About Ruth Kennison

I’m a chocolatier, a chocolate educator, a chocolate consultant, a professional chocolate taster and a judge at international chocolate events. Seeing a pattern here? I also teach bean-to-bar chocolate making at The Gourmandise School in Santa Monica, California, where I founded The Santa Monica Chocolate Society.
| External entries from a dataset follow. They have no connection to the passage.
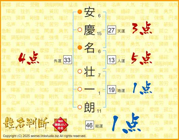 安(6画)慶(15画)名(6画) 壮(7画)一(1画)朗(11画)
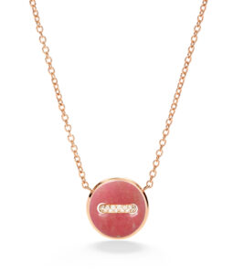 ネックレスに関しては、「ポムポムドット」コレクションであろうピンク色のペンダント。1974年以来ポメラートのアイコン的なデザインと公式ウェブサイトには載っているが、2024年にリバイバルされたバージョンしか知らないので、最初に見た時はディズニーキャラクターのベイマックスかと思った。もちろんそんな訳はなく、ボタンをイメージしたローズゴールドの円形モチーフとなっている。石川選手のものはピンク色のチューライト(桃簾石)で、中央の一文字の糸を表す部分は小さなダイヤモンドがパヴェ状(小さなダイヤモンドを石畳のように隙間なく敷き詰める技法)に配されている。このペンダントはリバーシブルで、反対側はマザーオブパールで糸部分はゴールドのみとなっており、どちらのサイドにするかで違った表情を見せる。
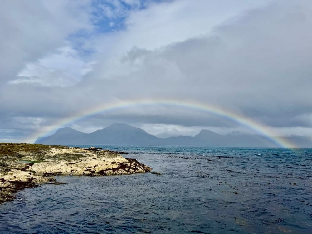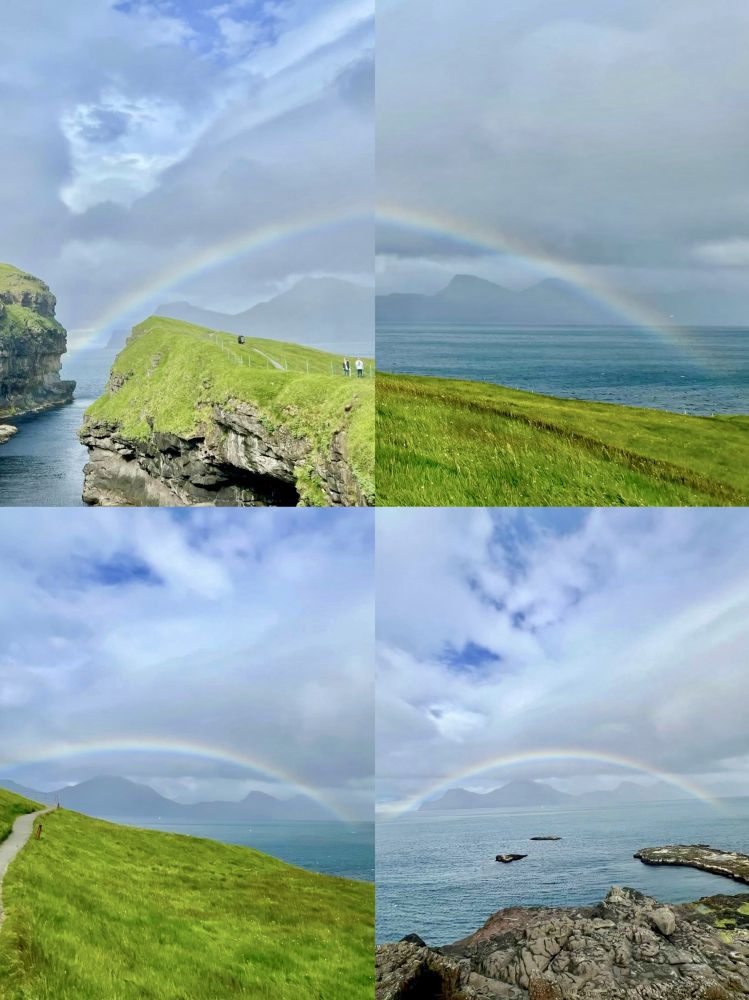 照片10-13: 在这个美丽宁静的偏远村庄没有商店或餐馆。这里唯一的咖啡馆很小,每天只营业几个小时。因此,我们在租住的民宿用从首都托尔斯港买来的食物准备晚餐。宝宝妈妈正在做饭的时候,从厨房窗户看到了一道美丽的彩虹。她停下手头的活,全家一起出去追逐彩虹:-)。
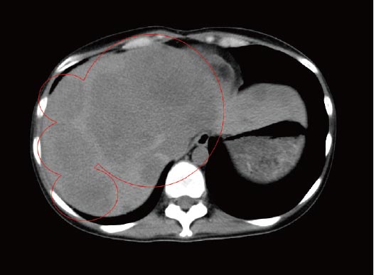 来院時のCT(下の画像)では肝臓の右葉に大きく広がる肝転移病巣が認められました。両像所見から勘案すると、正常に機能している肝臓部分は20%以下と推測され、肝不全による病状の急変も非常に懸念される症例でした。

My love for chocolate began in Boston, working in high school at a candy shop called Sweet Stuff, where I could eat unlimited amounts of chocolate. After college at Northwestern and several careers—television production, tour guiding, professional organizing—I found my way back to my first love. My chocolate journey took off at the French Pastry School at the Callebaut Chocolate Academy in Chicago, where I trained to make bonbons and chocolate bars. But it took a mind-blowing trip to Paris with my travel-writer husband and our son, and meeting chocolate expert Chloé Doutre-Roussel, to make chocolate my life. She talked about the farmer and the cacao bean and “the cacao belt” around the equator where chocolate is born.
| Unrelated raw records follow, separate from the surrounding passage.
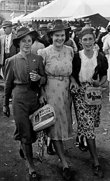 Three young women dressed up for a day at the Townsville Show, 1941
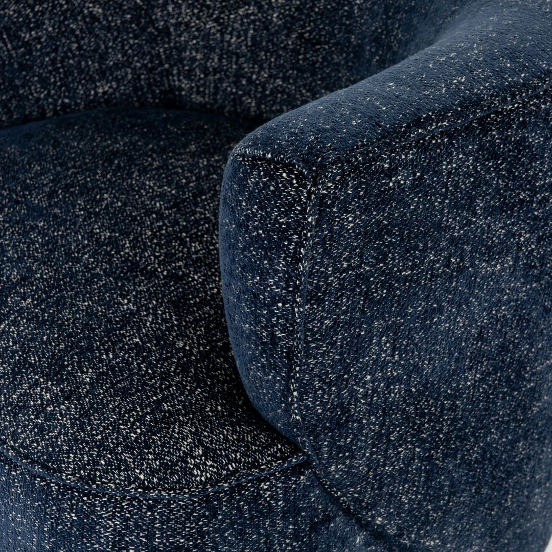 Sultry and sensible. Performance-grade upholstery of textural blue hugs the curves of modern-minded seating, with a hidden swivel for a functional touch.
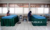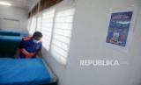 Gugus Tugas RW 003 Kelurahan Pondok Labu merapikan tempat tidur yang akan digunakan untuk isolasi mandiri di Gedung Sasana Krida Karang Taruna, di Jalan Bango III , Pondok Labu, Jakarta, Senin (18/1). Gugus COVID-19 RW 003, Kelurahan Pondok Labu menyipakan Gedung Sasana Krida Karang Taruna sebagai tempat isolasi mandiri untuk warga yang terkonfirmasi positif COVID-19 dengan fasilitas lima tempat tidur. Gedung isolasi ini akan digunakan untuk antisipasi apabila Wisma Atlet dan rumah sakit rujukan penuh.Prayogi/Republika. (FOTO : Prayogi/Republika.)
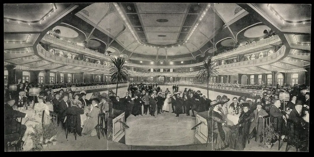 Klapp-AK Berlin, Sport-Palast, Grösste Kunsteisbahn der Welt, Schlittschuhläufer auf dem Eis
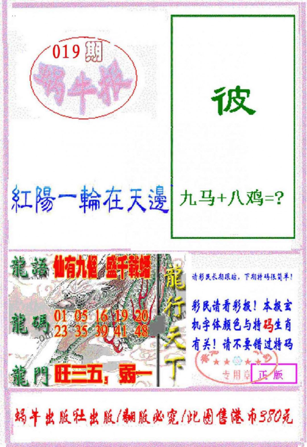 上一篇:019期九龙特新刊[图]
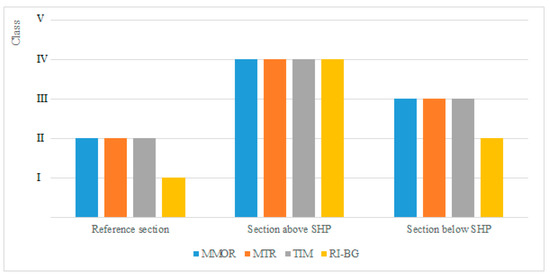 The last method in our comparison is the Bulgarian Reference Index of Macrophytes (RI-BG), which is based on the assessment of taxa in three reference groups, depending on the river type. In this case the macrophytes are divided into group A (reference species in a given river type—reference taxa), group B (the so-called indifferent taxa) and group C (the taxa which cause degradation and do not occur in natural conditions in this type of river—degradation indicators). One can distinguish three main groups of rivers used for assessment in this method (R-G1, R-G2, R-G3). In each of these groups, different macrophyte indicator species are distinguished. The description of types of river groups is given in Table 2. The assessment is carried out on 100 m-long watercourse sections, in which the abundance of macrophyte taxa that occur in it (macrophyte abundance—MA) is assessed based on a 5-class Kohler’s scale [32] given in Table 3. Additionally, in this method the quantity (Q) of taxa from a group is determined: This value equals the cubic power of macrophyte volume (Q = MA3). The method also accounts for the structural characteristic of the watercourse channel, flow velocity, bed, shading, as well as the information on the colour and smell of water, if they diverge from standard [10,33,34].
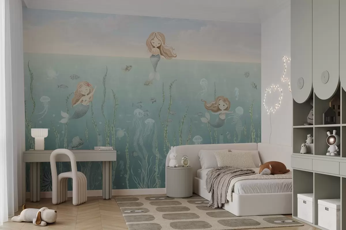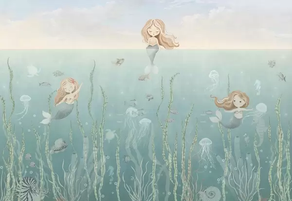 Wall murals Playful mermaids undersea with seaweed, jellyfish and fish Nr. w04860
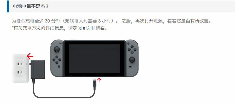除此之外,主机长时间闲置还可能引发电池电量耗尽的问题。对此,官方建议用户将设备连接充电器进行充电,充电时长至少保证30分钟(完全充满电大约需要3小时),充电完成后再按下电源键尝试开机,观察设备是否恢复正常。
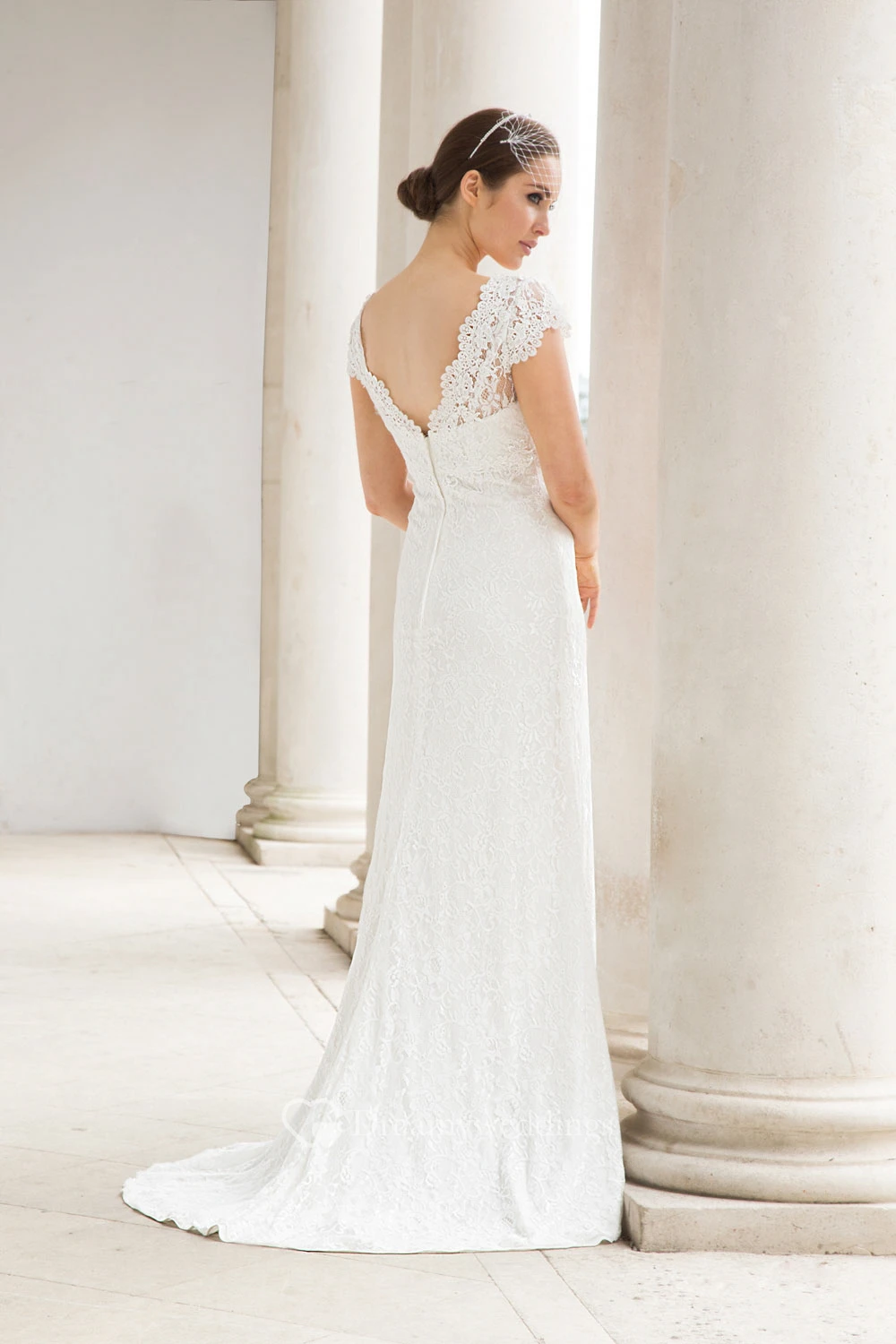 Sheath Floor-Length V-Neck Cap Lace Appliques Sweep Brush Train Low-V Back Dress

It was a revelation. I knew about chocolate but did I know about chocolate? That led to trips to origin in places like Chiapas and Tabasco, Mexico, and to Ecuador and Brazil, to see where our chocolate comes from, and to meet the passionate, hard-working people harvesting cacao. Witnessing the process from bean-to-bar opened my eyes to the story of chocolate-making—its complicated history and legacy, the human rights concerns we all should be aware of, and the important ingredients that separate industrial chocolate from fine-flavored craft chocolate.